Saturday, December 30, 2017

Immutability

All too often software development practices are driven by fads.

What starts out as a good idea gets watered down to achieve popularity and then is touted as a cure-all or silver bullet. It may initially sound appealing, but eventually, enough evidence accrues that it is, as expected, far from perfect. At that point the negatives can overwhelm the positives, resulting in a predictable backlash, so everyone rushes off to the next big thing. We’ve been through this cycle many, many times over the last few decades.

That is unfortunate, in that technologies, practices, idioms, ideas, etc. are always a mixture of both good and bad. Rather than continually searching for the next, new, easy, thoughtless, perfect approach we really should just accept that both sides of the coin exist, while really focusing on trying to enhance our work. That is, no approach is completely good or completely bad, just applicable or not to a given situation. New isn’t any better than old. Old isn’t intrinsically worse. Technologies and ideas should be judged on their own merits, not by what is considered popular.

It’s not about right or wrong, it is about finding a delicate balance that improves the underlying quality at a reasonable cost. Because in the end, it's what we’ve built that really matters, not the technologies or process we used.

Sometimes, a technique like immutability is really strong and will greatly enhance the code, making it easier and more likely to be correct. But it needs to be used in moderation. It will fix some problems, but it can easily make others far worse.

Recently, I’ve run into a bunch of situations where immutability was abused, but still, the coders were insisting that it was helping. Once people are committed, it isn’t unusual for them to turn a blind eye to the flaws; to stick to a bad path, even in the face of contradictory evidence.

The idea of immutability became popular from the family of functional programming languages. There are good reasons for this. In general, spaghetti code and globals cause unknown and unintentional side-effects that are brutal to track down. Bug fixing becomes long, arduous and dangerous. The core improvement is that if there are no side-effects if the scope is tightly controlled, it is far easier to reason about the behavior of subparts of the code. Thus, we can predict the impact of any change.

That means that the underlying code then can no longer be allowed to modify any of its incoming data. It's not just about global variables, it's also any internal data and the inputs to functions. To enforce immutability, once some data has been created, anywhere, it becomes untouchable. It can’t be changed. If the data is wrong later, then there should be only one place in the system where it was constructed, thus only one place in the system where it should be fixed. If a whole lot of data has that attribute, then if it is buggy, you can reason quickly about how to repair it with a great deal of confidence that it won’t cascade into other bugs.

While that, for specific types of code, is really great and really strong, it is not, as some believe, a general attribute. The most obvious flaw is that there could be dozens of scattered locations were the immutable data is possibly created, thus diminishing its scope benefits. You might still have to spend a lot of time tracking down where a specific instance was created incorrectly. You’ve protected the downstream effects but still have an upstream problem.

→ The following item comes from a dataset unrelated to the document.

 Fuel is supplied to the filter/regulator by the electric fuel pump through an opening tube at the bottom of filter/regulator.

So, immutability does not magically infer better programmatic qualities. But it can be far worse. There are rather obvious places in a system where it makes the code slower, more resource intensive, more complex and way less readable. There is a much darker side to immutability as well.

Performance is the obvious first issue.

It was quite notable in Java that its immutable strings were severely hurting its performance. Code often has to do considerable string fiddling and quite often this is distributed in many locations throughout the program as the final string gets built up by many different computations.

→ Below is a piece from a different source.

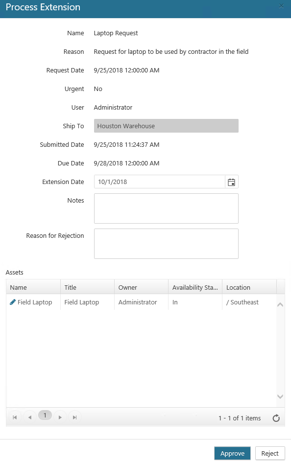 The Process Extension dialog opens, showing the properties associated with the request, as well as the physical asset that was initially requested (under the Assets section). Note that you can right-click on the asset to view its properties.

Minimizing this fiddling is a great way to get a micro-boost in speed, but no matter how clever, all of that fiddling never really goes away. Quite obviously, if strings are immutable, then for each fiddle you temporarily double the string, which is both memory usage and CPU time spent copying and cleaning up.

Thus pretty quickly the Java language descended into having special string buffers which were mutable and later an optimization to hide them when compiling. The takeaway from this is that setting things that need to change ‘frequently’ to be immutable is extraordinarily costly. For data that doesn’t change often, it is fine. For data that changes a lot, it is a bad idea if there are any time or resource constraints.

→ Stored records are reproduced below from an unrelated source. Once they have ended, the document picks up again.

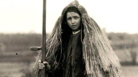 Lo que no olvidaré nunca, fue la primera vez que yo vi una caroza. Fue en una ocasión que fui con mi padre a por un par de bueyes que había comprado por la zona de Salto, y que pasamos por Señoráns. Al pasar por esta aldea me llevé un gran susto. Íbamos los dos en la misma yegua, bajo la lluvia, y alarmado le dije a mi padre: «Mira, mira cómo se move ese pallota». Era un hombre o una mujer que llevaba una caroza, hecha de juncos. Le envolvía totalmente hasta los zuecos, y como se movía de espaldas a nosotros no se le veía la cara. Mi padre me explicó lo que era y que él también la había usado, pero yo nunca la había visto.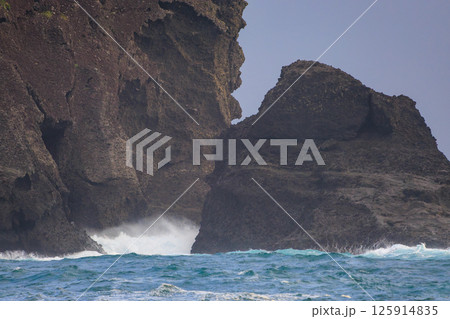 岩礁に当たる白波が美しいヒリゾ浜の青い海。 落ちそうで落ちない権力岩。ヒリゾ浜中木南伊豆町伊豆半島
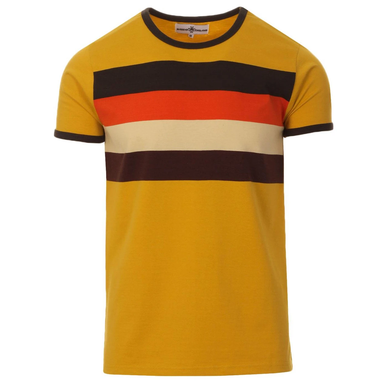 - Madcap England Hunter men’s retro 70s chest stripe tee.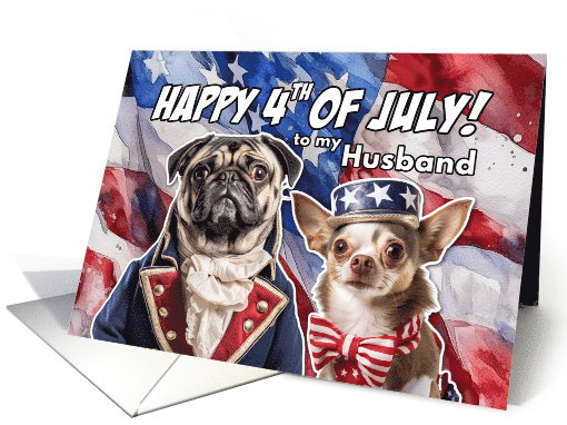 | Artist Notes: | A patriotic pug and chihuahua are dressed in stars and stripes on a grungy American flag watercolor background with the text 'Happy 4th of July to my husband'. The perfect celebrational card to send to your love for the birthday of America. |

Performance isn’t nearly as critical as it used to be, but it still matters enough that resources shouldn’t just be pissed away. Most systems, most of the time, could benefit from better performance.

In a similar manner to the Java strings, there was a project that decided that all of the incoming read-only data it was collecting should be stored immutability in the database. It was not events, but just fairly simple static data that was changeable externally.

The belief was that this should provide both safety and a ‘history’ of any incoming changes, so basically they believed it was a means of making the ETL easier (only using inserts) and getting better auditing (keeping every change).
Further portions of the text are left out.